B. L’insuffisance de la neutralisation conventionnelle du désavantage fiscal
L’objectif d’assurer un traitement équivalent peut être atteint par une convention tendant à éviter la double imposition conclue entre les États membres concernés. L’application de cet accord doit cependant permettre de « compenser intégralement les effets de la différence de traitement issue de la législation nationale » pour être valide. La convention préventive limite ici le taux de retenue à quinze pour cent mais l’imputation reste bornée par le montant de l’impôt étranger calculé.

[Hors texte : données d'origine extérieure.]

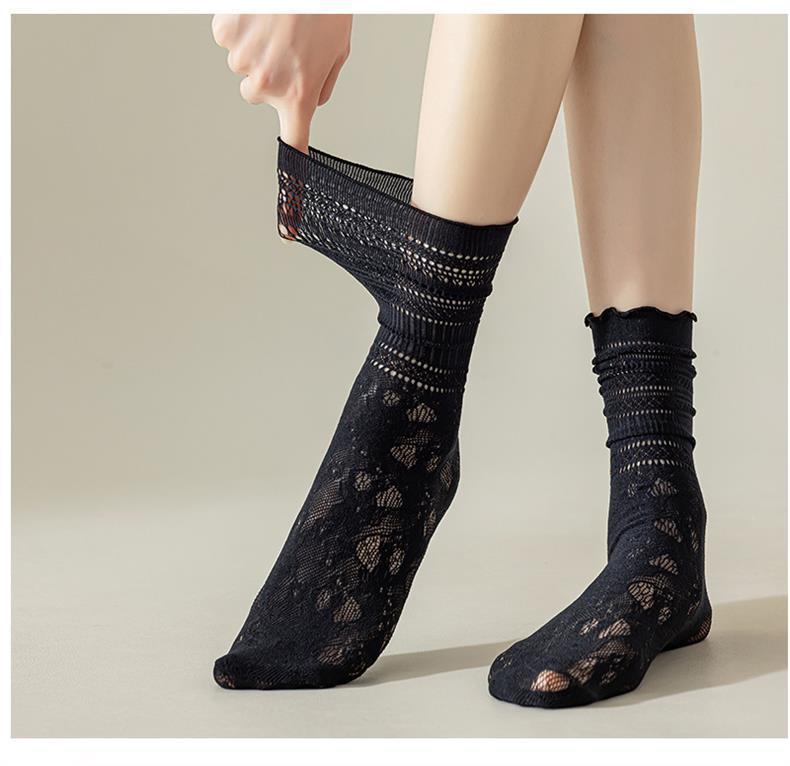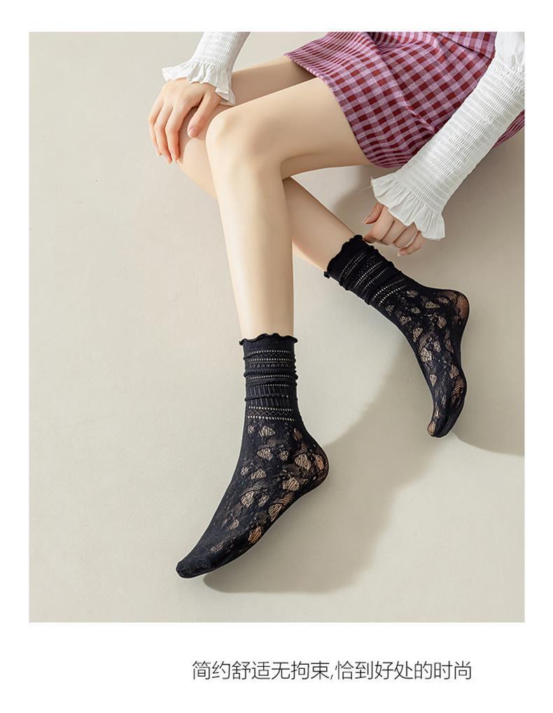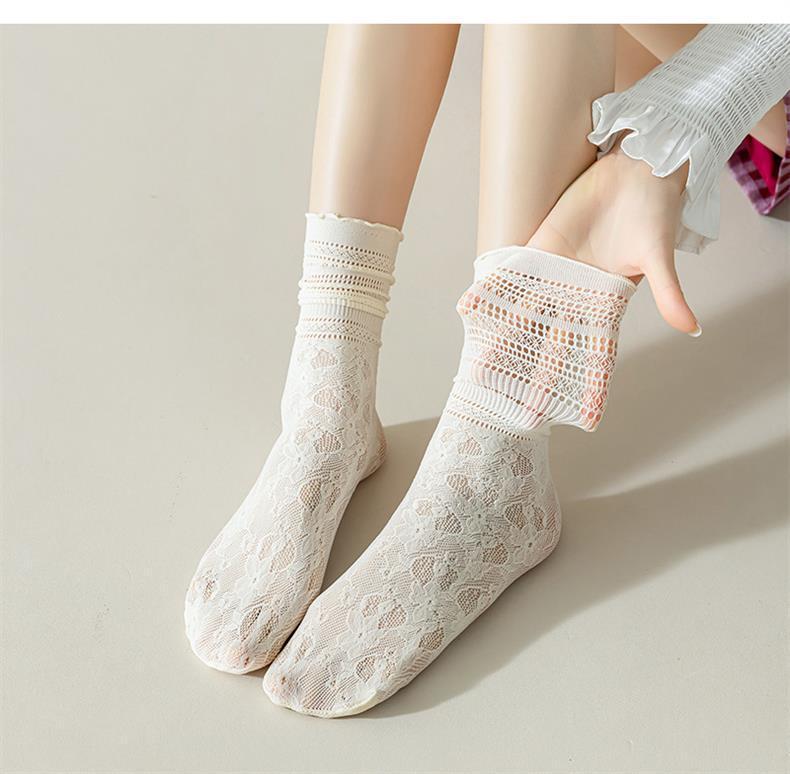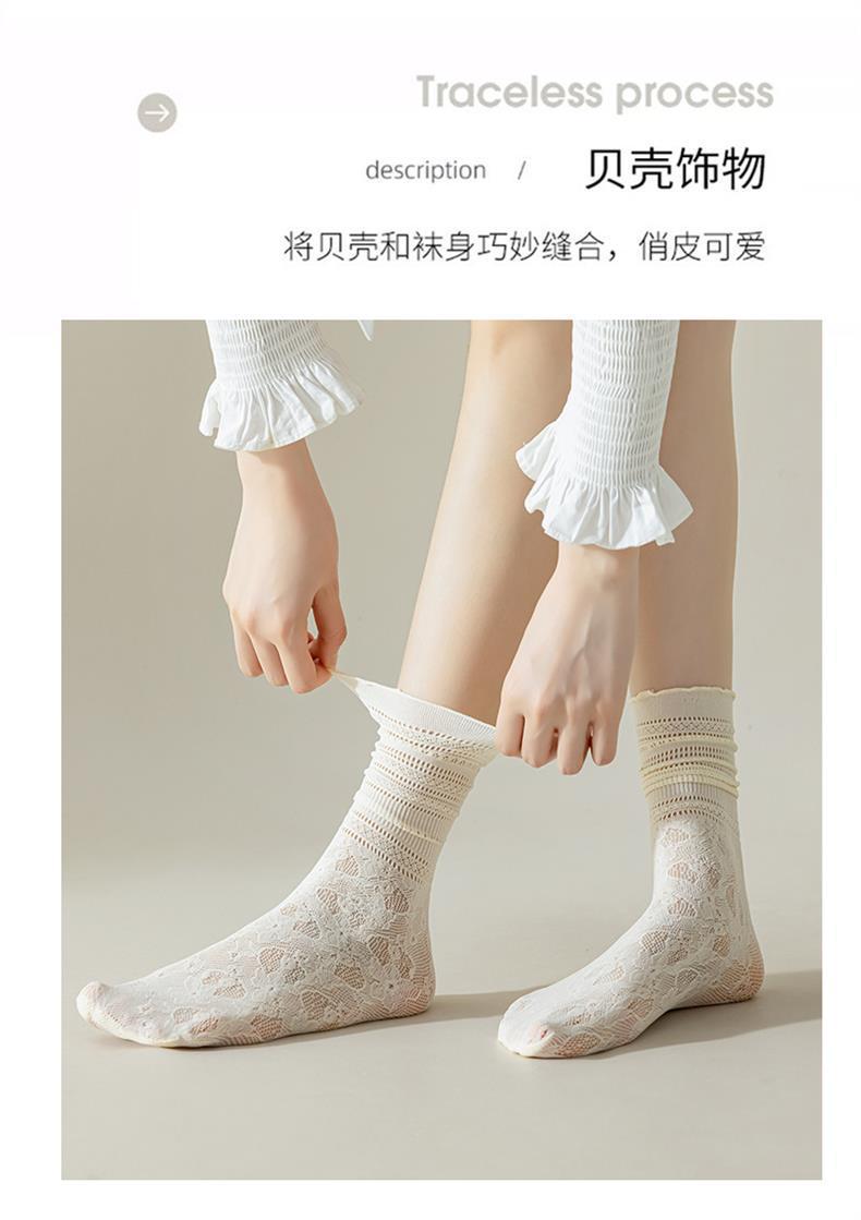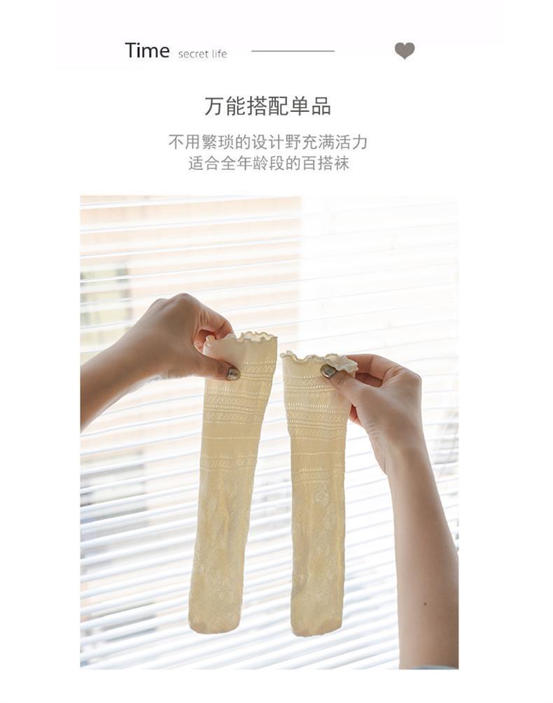 【一袜两穿!可直筒可堆堆】夏季白色袜子女堆堆袜夏季薄款蕾丝花边夏天透气网眼镂空木耳边中筒袜。ry
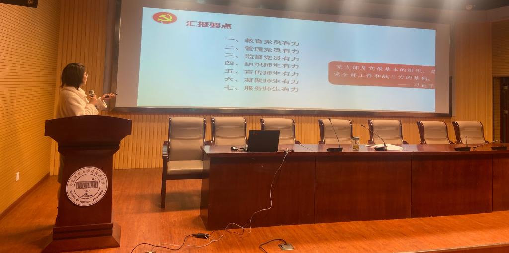 会上,10名党支部书记围绕一年工作、党支部七个有力标准建设以及特色品牌活动开展等情况逐一上台汇报展示,详细总结了各党支部一年以来以省级高校新时代党建设“双创”标杆院系党委建设为契机,充分发挥党员先锋作用,围绕公司中心工作推进事业发展所取得的各项成果。 2020年,各党支部攻艰克难,共同完成师范专业认证工作;翻译写作教研室党支部书记和商务英语员工党支部书记积极参与社区疫情防控服务,先进事迹被学习强国等媒体报道;公司五名员工党员获评校级疫情防控优秀志愿者;法语师生党支部员工刘童童获评安徽省“向上向善好青年”;公司“党建+创新创业”特色活动取得丰硕成果,员工项目在A类赛事中获得全国铜奖2项,安徽金奖3项。
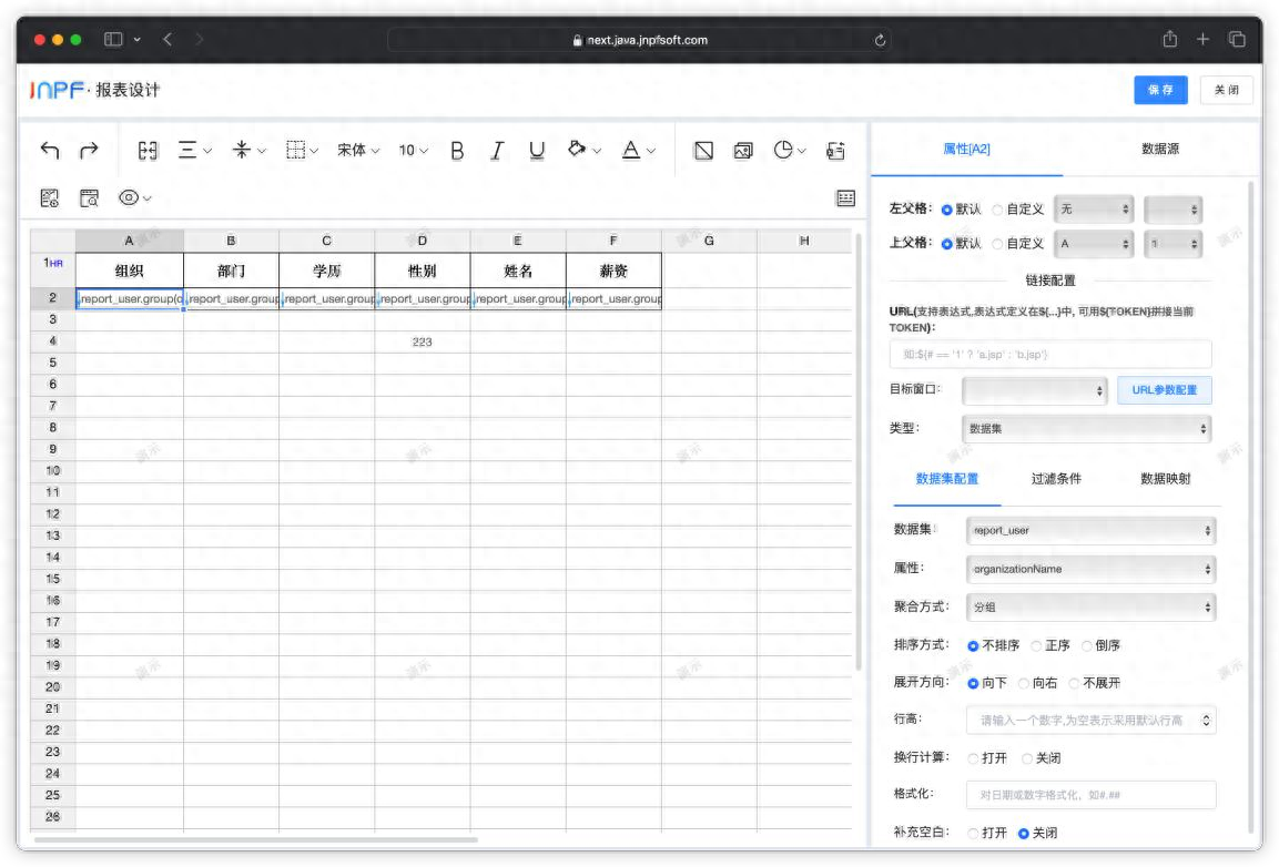无需开发任何代码,用户只需在界面上配置一系列参数即可实现多种类型报表的配置、在线渲染报表内容、报表导出、打印等功能;
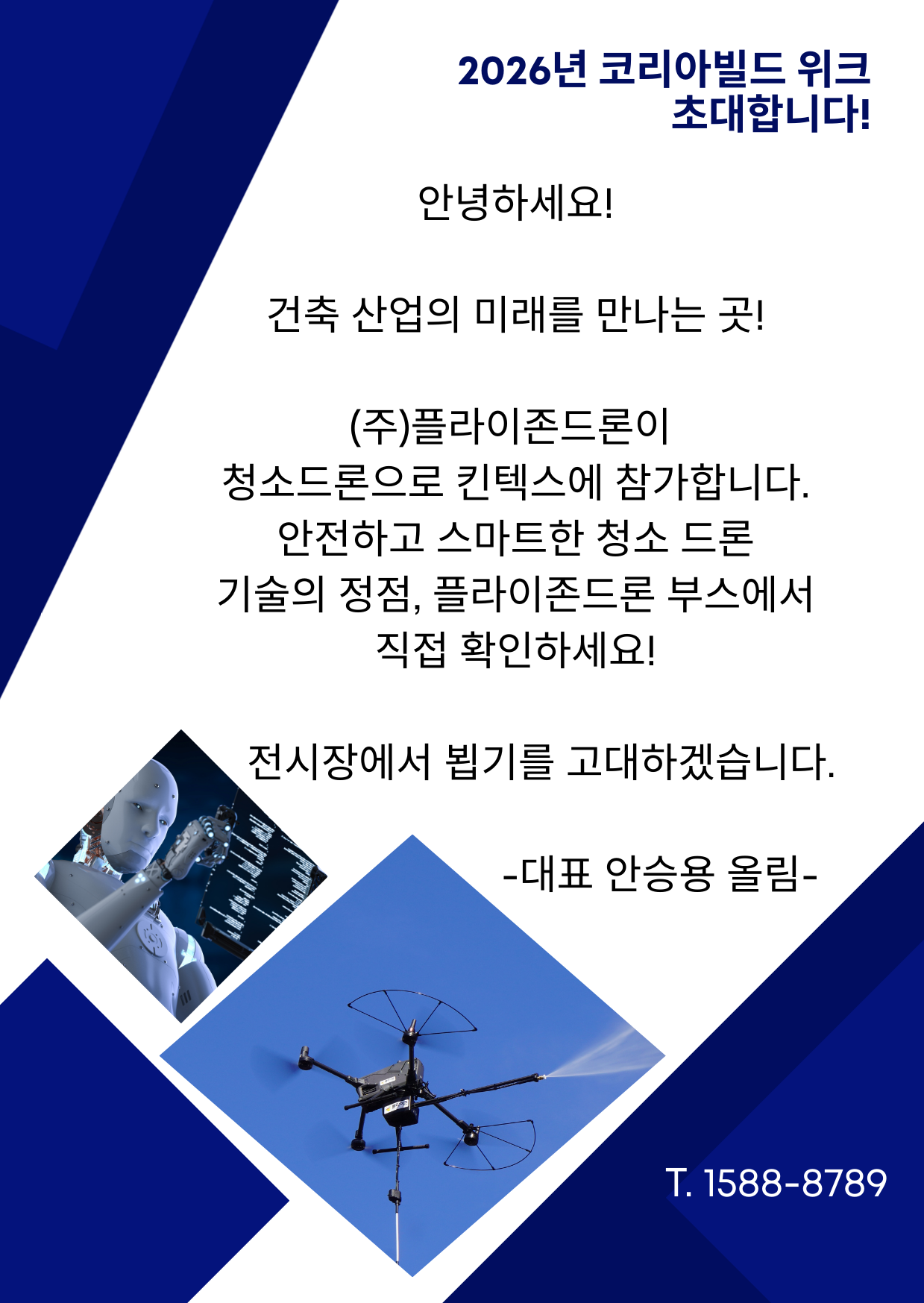 저희 (주)플라이존드론이 국내 최대 건축 전시회인 '코리아빌드'에 청소드론으로 참석합니다!
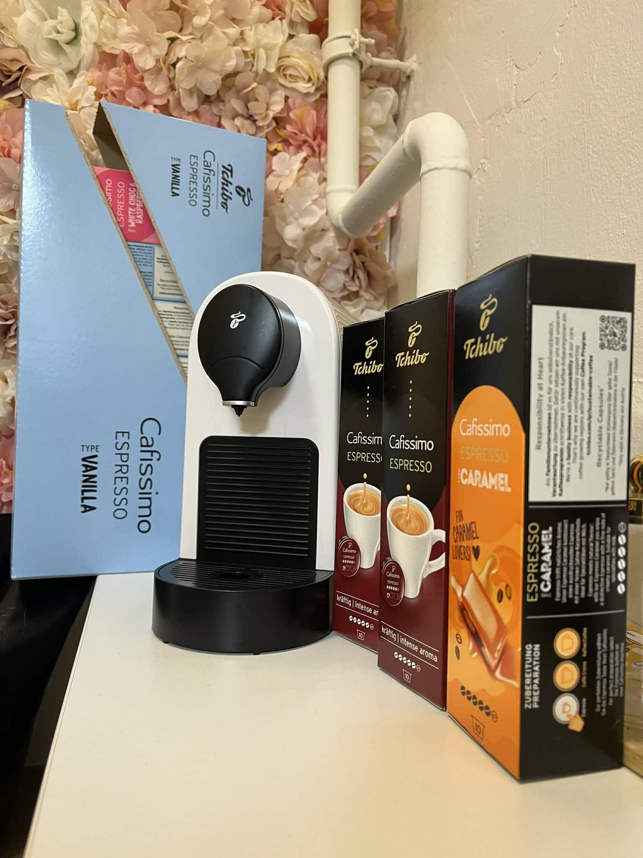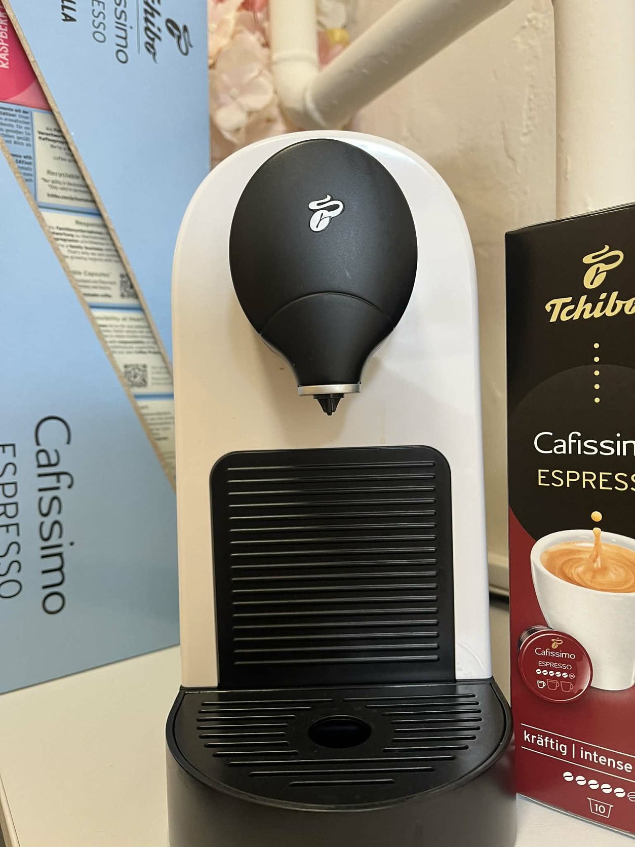 Eladó keveset használt Tchibo Cafissimo Pure+ kávégép, fehér színben, 12 doboz kapszulával:
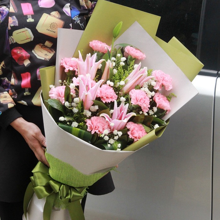花材: 11支粉色康乃馨,6朵粉色百合,满天星、巴西叶装饰。
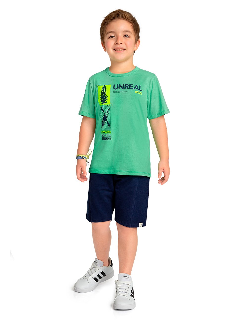 A camiseta possui uma estampa frontal exclusiva que adiciona um toque divertido e estiloso à peça. Confeccionada em meia malha penteada, ela oferece maciez e conforto à pele, sendo perfeita para o uso diário. A bermuda de moletinho é extremamente confortável e permite liberdade de movimentos, ideal para as brincadeiras e atividades do dia a dia.
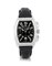 C. tonneau-shaped, stainless steel with case back secured by screws, screwed crown and teardrop buttons. D. black with luminous Arabic numerals and hands, 30 minute and 12 hour registers, date at 6. M. self-winding. Dial, case and movement signed. Stainless steel Franck Muller buckle and box.
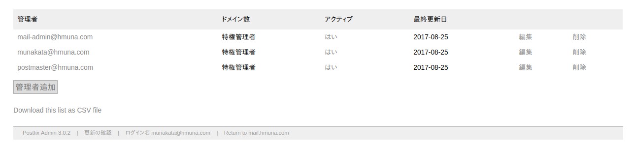 mysql> use mail; mysql> show tables; +-----------------------+ | Tables_in_mail | +-----------------------+ | admin | | alias | | alias_domain | | config | | domain | | domain_admins | | fetchmail | | log | | mailbox | | quota | | quota2 | | vacation | | vacation_notification | +-----------------------+ mysql> describe mailbox; +------------+--------------+------+-----+---------------------+-------+ | Field | Type | Null | Key | Default | Extra | +------------+--------------+------+-----+---------------------+-------+ | username | varchar(255) | NO | PRI | NULL | | | password | varchar(255) | NO | | NULL | | | name | varchar(255) | NO | | NULL | | | maildir | varchar(255) | NO | | NULL | | | quota | bigint(20) | NO | | 0 | | | local_part | varchar(255) | NO | | NULL | | | domain | varchar(255) | NO | MUL | NULL | | | created | datetime | NO | | 0000-00-00 00:00:00 | | | modified | datetime | NO | | 0000-00-00 00:00:00 | | | active | tinyint(1) | NO | | 1 | | +------------+--------------+------+-----+---------------------+-------+ mysql> select * from mailbox; +------------------------+------------------------------------+----------------+-------------------------+-------+--------------+-----------+---------------------+---------------------+--------+ | username | password | name | maildir | quota | local_part | domain | created | modified | active | +------------------------+------------------------------------+----------------+-------------------------+-------+--------------+-----------+---------------------+---------------------+--------+ | munakata@hmuna.com | $1$9975d93d$7uKDdKNnb6DAYdugiIWeN0 | hisao munakata | munakata@hmuna.com/ | 0 | munakata | hmuna.com | 2014-07-04 00:50:46 | 2014-07-04 00:50:46 | 1 | | mail-admin@hmuna.com | $1$773730f1$tE55MxG5mxTZPrYETPJcK0 | mail admin | mail-admin@hmuna.com/ | 0 | mail-admin | hmuna.com | 2014-07-04 00:50:04 | 2014-07-04 00:50:04 | 1 | | public_mail@hmuna.com | $1$045a718c$7weHeSb7EN0EtnV14e1xF. | hisao munakata | public_mail@hmuna.com/ | 0 | public_mail | hmuna.com | 2014-07-04 00:51:24 | 2014-07-04 00:51:24 | 1 | | server-admin@hmuna.com | $1$7f1c42b7$UzPUtxsgMAwwHpB3G40Ay0 | server admin | server-admin@hmuna.com/ | 0 | server-admin | hmuna.com | 2014-07-04 00:51:48 | 2014-07-04 00:51:48 | 1 | | yuko@hmuna.com | $1$4b287f90$7Zott.IlT053.SxHveM.M0 | yuko | yuko@hmuna.com/ | 0 | yuko | hmuna.com | 2014-07-04 00:52:50 | 2014-07-04 00:52:50 | 1 | | purple@hmuna.com | $1$2c52aa21$9a0F8dRCzBWrebrJriY5r/ | yuko | purple@hmuna.com/ | 0 | purple | hmuna.com | 2014-07-04 00:53:17 | 2014-07-04 00:53:17 | 1 | +------------------------+------------------------------------+----------------+-------------------------+-------+--------------+-----------+---------------------+---------------------+--------+
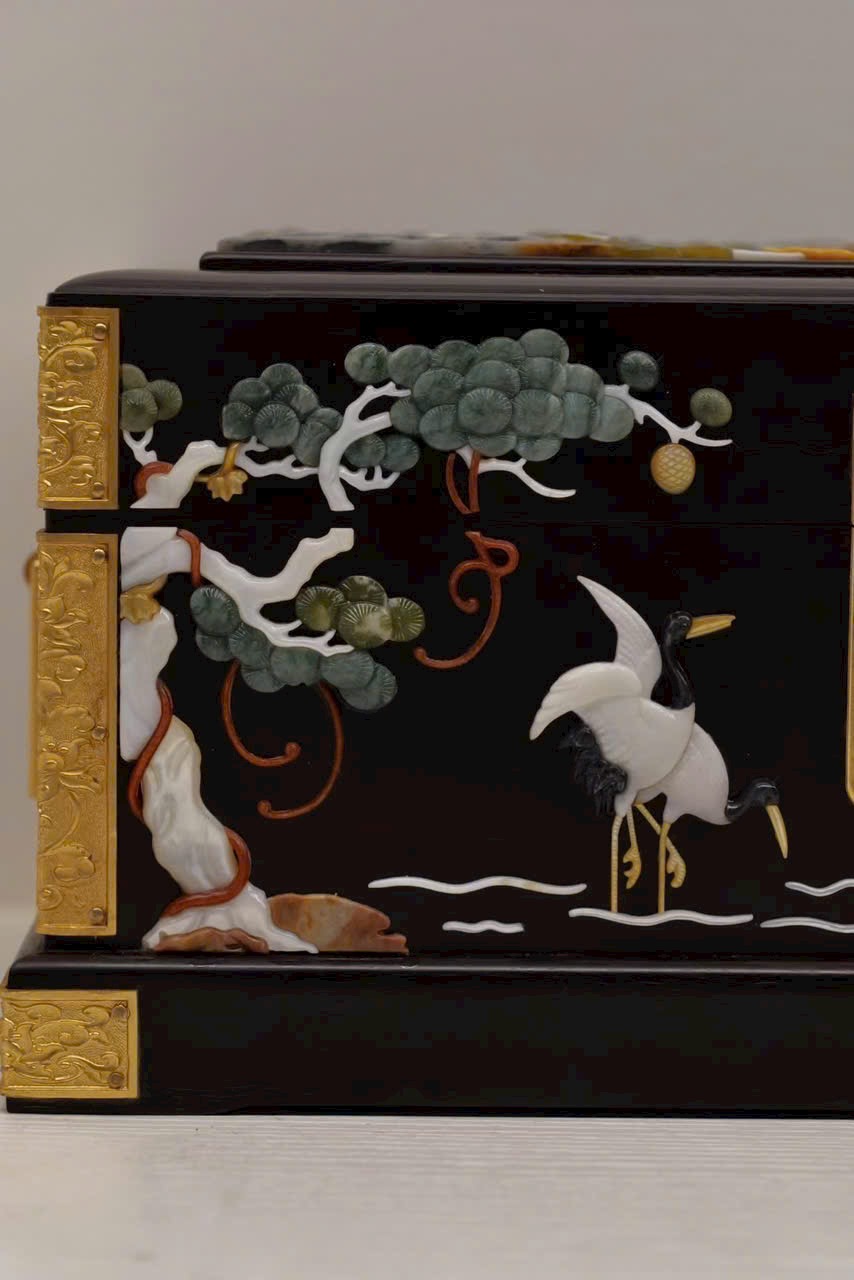Bề mặt ứng dụng kỹ nghệ bách bảo khảm tinh xảo, kết hợp ngọc thạch, ốc trai tạo nên cảnh hạc bay, tùng vươn tuyệt đẹp.

Un tel mécanisme ne garantit pas la neutralisation du désavantage car l’imputation intégrale dépend de variables extérieures aux règles fiscales de l’État de la source. La Cour juge que la déduction de l’assiette ou le report d’imputation ne constituent pas des mesures suffisantes pour effacer l’entrave initiale. L’entrave étant établie, il convient alors d’examiner les éventuelles justifications avancées par l’État membre pour maintenir une telle législation.
II. L’absence de justification de l’entrave à la liberté de mouvement
A. L’écartement de l’argument tiré de la répartition du pouvoir d’imposition
La préservation de la répartition équilibrée du pouvoir d’imposition constitue une raison impérieuse d’intérêt général susceptible de justifier une mesure restrictive du marché intérieur. Ce motif ne peut toutefois justifier l’imposition de sociétés non-résidentes lorsque l’État a choisi de neutraliser intégralement la charge fiscale pour les résidents. L’État membre a exercé sa compétence fiscale sur l’ensemble des dividendes distribués tout en exonérant, en pratique, les structures établies sur son propre territoire. La Cour considère que la volonté de protéger les recettes fiscales ne saurait autoriser une discrimination fondée sur le lieu d’établissement du bénéficiaire. La restriction ne peut donc être validée sous le couvert d’une répartition souveraine des compétences entre les administrations fiscales de l’Union. Au-delà de la souveraineté fiscale, la nécessité d’éviter un cumul d’avantages doit également être confrontée au principe de cohérence.
B. L’incohérence de l’objectif de prévention de la double prise en compte de l’impôt
Le gouvernement invoquait la nécessité d’éviter une double prise en compte de la retenue à la source au niveau des actionnaires directs ou indirects. La Cour relève l’absence de cohérence du système puisque cette vérification n’est jamais imposée aux actionnaires des sociétés résidentes percevant des dividendes. Une mesure de contrôle doit répondre au souci d’atteindre son objectif « de manière cohérente et systématique » pour être jugée proportionnée au but recherché. Rien ne permet d’exclure que les actionnaires de sociétés résidentes bénéficient également de législations étrangères favorables permettant une seconde prise en compte de l’impôt. La charge de la preuve pesant exclusivement sur les non-résidents excède ce qui est nécessaire pour garantir l’intégrité du système fiscal national. Le juge européen confirme ainsi que l’article 63 du Traité sur le fonctionnement de l’Union européenne proscrit ces modalités de remboursement discriminatoires.